4 Advanced configurations - Solr field types - DAM v4.8.0

A metadata field used in any search may be interpreted and queried in many different ways. The Digizuite DAM Center supports individual configuration for each field used in any search.

In order to decide how a metadata field is interpreted, Solr uses field types. A Solr field type is a definition of how data is interpreted and how it is queried. An example could be a simple field type definition could be one that splits text strings on white spaces.
If a description metadata field has the text: "This is a test", it would be saved in the Solr core as the four individual words "This", "is", "a", "test" and searching for "test" would return a hit. In order to understand Solr field types better, we refer to the following link.
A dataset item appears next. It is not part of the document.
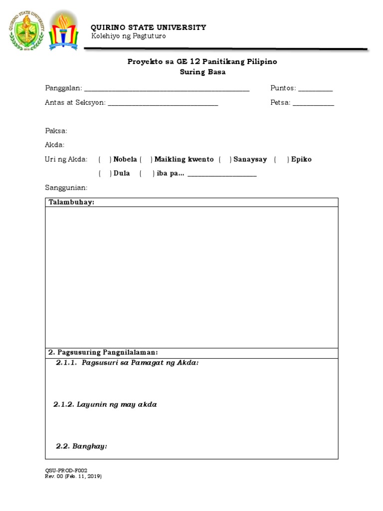 Format Batayan Sa Pagsusuri Sa Akda Una Para Sa Tuluyan Ang Ikalawa Ay Para Sa Patula Pdf
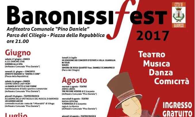 Grande attesa a Baronissi per il “BaronissiFest 2017″. Dal 17 giugno al 31 agosto ventisei spettacoli di teatro, cabaret, musica, danza con eventi ed artisti di primissimo piano animeranno la città del sindaco Valiante. La direzione artistica del ” BaronissiFest”, giunto alla terza edizione, è affidata all’Accademia dell’Arte e dello Spettacolo di Baronissi. Una rassegna culturale di grande qualità che saprà richiamare, come gli scorsi anni, migliaia di spettatori. L’evento è stato organizzato dal Comune di Baronissi.

How to configure Solr field types

Any metadata field that has a checkmark in the "Visible filter" (see picture below) can have customized field types. It is configured in the following way:

  1. Open System tools → Config Manager → Digizuite™ Media Manager → Searches
  2. Chose the search to edit (e.g. Digizuite_system_framework_search, see picture below)
  3. Note: Solr MUST be enabled (i.e. "Use Solr" checkmark must be checked and Solr must be installed and configured)
  4. Chose the field to edit and make sure the "Visible filter" is checked (see picture below)
  5. Add a custom attribute to the filter. Give it the key "SolrType" and one of the valid values (see list below).
  6. Save the search and repopulate it.



Valid solr field types

  1. Text_general - predefined solr field type with the following definition

    text_general
    <fieldType name="text_general" class="solr.TextField" positionIncrementGap="100">
      <analyzer type="index">
        <tokenizer class="solr.StandardTokenizerFactory"/>
        <filter class="solr.StopFilterFactory" ignoreCase="true" words="stopwords.txt" />
        <filter class="solr.LowerCaseFilterFactory"/>
      </analyzer>
      <analyzer type="query">
        <tokenizer class="solr.StandardTokenizerFactory"/>
        <filter class="solr.StopFilterFactory" ignoreCase="true" words="stopwords.txt" />
        <filter class="solr.SynonymFilterFactory" synonyms="synonyms.txt" ignoreCase="true" expand="true"/>
        <filter class="solr.LowerCaseFilterFactory"/>
      </analyzer>
    </fieldType> 
  2. Text_custom - custom solr field type. By default this is the same as text_general, but it uses a classic tokenizer instead. It has the following definition

    text_custom
    <fieldType name="text_custom" class="solr.TextField" positionIncrementGap="100">
      <analyzer type="index">
        <tokenizer class="solr.ClassicTokenizerFactory"/>
        <filter class="solr.StopFilterFactory" ignoreCase="true" words="stopwords.txt" />
        <filter class="solr.LowerCaseFilterFactory"/>
      </analyzer>
      <analyzer type="query">
        <tokenizer class="solr.ClassicTokenizerFactory"/>
        <filter class="solr.StopFilterFactory" ignoreCase="true" words="stopwords.txt" />
        <filter class="solr.SynonymFilterFactory" synonyms="synonyms.txt" ignoreCase="true" expand="true"/>
        <filter class="solr.LowerCaseFilterFactory"/>
      </analyzer>
    </fieldType>
  3. test_ws - predefined solr field type

    text_ws
    <fieldType name="text_ws" class="solr.TextField" positionIncrementGap="100">
      <analyzer>
        <tokenizer class="solr.WhitespaceTokenizerFactory"/>
      </analyzer>
    </fieldType>
  4. text_en_splitting_tight - predefined solr field type with the following definition

    text_en_splitting_tight
    <fieldType name="text_en_splitting_tight" class="solr.TextField" positionIncrementGap="100" autoGeneratePhraseQueries="true">
      <analyzer>
        <tokenizer class="solr.WhitespaceTokenizerFactory"/>
        <filter class="solr.SynonymFilterFactory" synonyms="synonyms.txt" ignoreCase="true" expand="false"/>
        <filter class="solr.StopFilterFactory" ignoreCase="true" words="lang/stopwords_en.txt"/>
        <filter class="solr.WordDelimiterFilterFactory" generateWordParts="0" generateNumberParts="0" catenateWords="1" catenateNumbers="1" catenateAll="0"/>
        <filter class="solr.LowerCaseFilterFactory"/>
        <filter class="solr.KeywordMarkerFilterFactory" protected="protwords.txt"/>
        <filter class="solr.EnglishMinimalStemFilterFactory"/>
        <filter class="solr.RemoveDuplicatesTokenFilterFactory"/>
      </analyzer>
    </fieldType>
  5. date - predefind solr field type with the following definition

    date
    <fieldType name="date" class="solr.TrieDateField" precisionStep="0" positionIncrementGap="0"/>
  6. int - predefind solr field type with the following definition

    int
    <fieldType name="int" class="solr.TrieIntField" precisionStep="0" positionIncrementGap="0"/>
  7. string - predefind solr field type with the following definition

    string
    <fieldType name="string" class="solr.StrField" sortMissingLast="true" />